← Back to context

Comment by focusgroup0

3 months ago

The fact that Apple didn't ship this in years after Siri acquisition is an indictment of its Product leadership

Apple has the silicon, the frameworks (MLX, CoreML), and the models. The gap is putting it all together into a fast, unified on-device pipeline. That's what we're focused on, and honestly, we think Apple will eventually ship something similar natively. Until then, we're trying to show whats possible today on their hardware.

This is not different from mlx-lm other than it uses a closed-source inference engine.

  • Respectfully, the benchmarks show it is different.

    MetalRT and mlx-lm use the exact same model files, identical 4-bit MLX weights. That makes it a pure engine-to-engine comparison:

    LLM decode: MetalRT is 1.10-1.19x faster across all models tested

    STT: 70s audio in 101ms vs 463ms (4.6x faster)

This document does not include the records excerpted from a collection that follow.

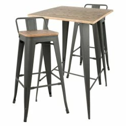 - Includes one bar table and two low back bar stools
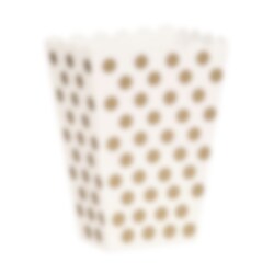 8 valkoista snäcks-laatikkoa joissa kullanvärisiä täpliä. Laatikot voi täyttää esimerkiksi pähkinöillä, popcornilla tai karkeilla ja sopivat mainiosti kaikkiin juhliin. Snäcks-laatikot ovat tehty pahvista ja ne ovat noin 11 x 14 cm kokoisia.
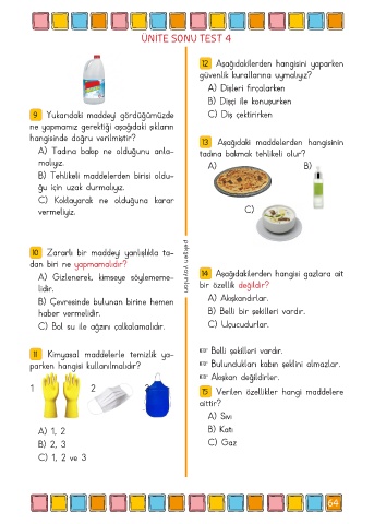 11 Kimyasal maddelerle temizlik ya- + Belli şekilleri vardır.
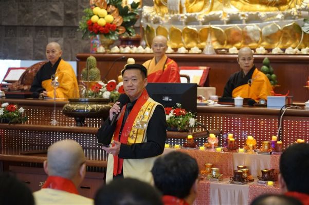 滿信住持感謝偉大的大師為大眾留下無數的慈悲與智慧,尤其「讓人間佛教的信仰在紐西蘭的土地生長與發揚,把佛教、常住、大眾、事業擺在第一位,更是大家共同的目標。」並講解大師開示我們「信仰要實在的、信仰有道德的、信仰大能的、信仰人本的」。住持並代表常住感謝護法大眾的護持,讓我們集體創作,共同為佛教走入紐西蘭的社會而努力。
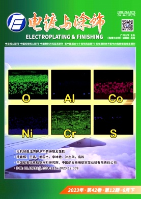 [目的]精细薄长有钩槽零件在三价铬电镀过程中常因电流密度和镀液传质不均引发细钩镀层烧焦、窄深长槽内壁漏镀等问题。[方法]分别在镀液静止与不同搅拌速率(200、400和600 r/min)条件下对精细薄长有钩槽零件进行三价铬电镀。通过扫描电镜(SEM)表征,结合力和显微硬度测试,以及摩擦磨损试验,研究了搅拌对零件不同部位Cr镀层微观形貌、结合力、显微硬度及耐磨性的影响。[结果]在电镀过程中对镀液进行适当搅拌能够显著提高精细薄长钩槽零件各部位镀层的分布均匀性和微观形貌,进而提高镀层的结合力、显微硬度、耐磨性等性能。[结论]镀液搅拌可有效解决零件细钩烧焦与槽内漏镀问题。镀液搅拌速率为400 r/min时,零件各部位的Cr镀层表面均匀、致密和平整,显微硬度最高,耐磨性最好。
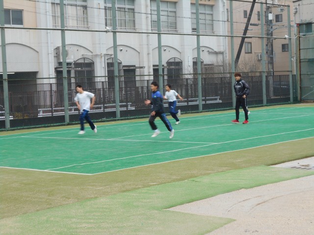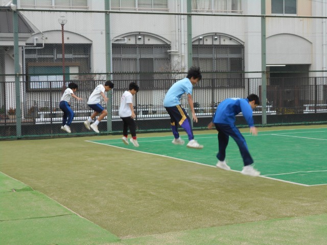 サッカー部は、雨上がりのためサーキットトレーニングをしています。
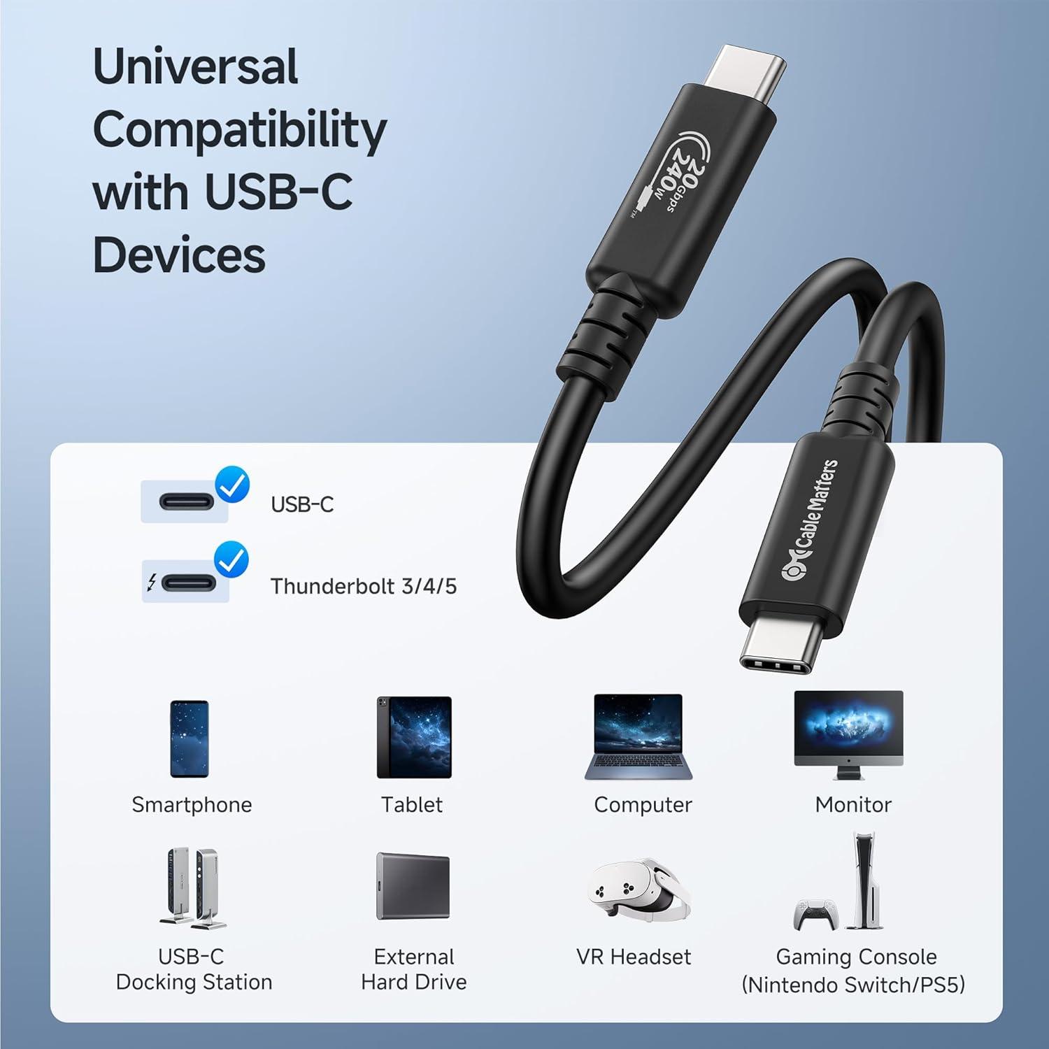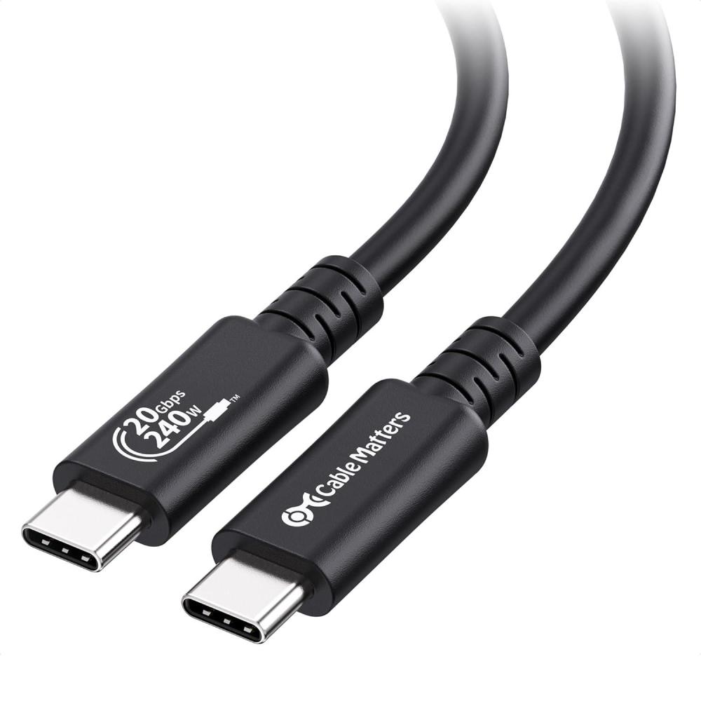 Long USB C All in One Cable: Step into the future of USB with the Cable Matters USB4 to USB4 Cable; USB Type C to USB Type C cable supports the latest USB4 standard for up to 20Gbps of bandwidth, 8K video support, and 240W charging; This USB C to C Cable supports USB PD 3.1 Extended Power Range (EPR) including 28V/140W, 36V/180W and 48V/240W; Fully compatible with devices featuring a USB-C or Thunderbolt 4 port.

    TTS: 178ms vs 493ms (2.8x faster)

    mlx-lm is a general-purpose array computation framework that also supports inference. MetalRT is purpose-built for inference only. That focus is where the performance gap comes from.

    You can reproduce these numbers yourself: rcli bench runs the same benchmarks we published. Full methodology: https://www.runanywhere.ai/blog/metalrt-fastest-llm-decode-e...

    Yes, MetalRT is closed-source. We're transparent about that. The performance difference is the reason it exists.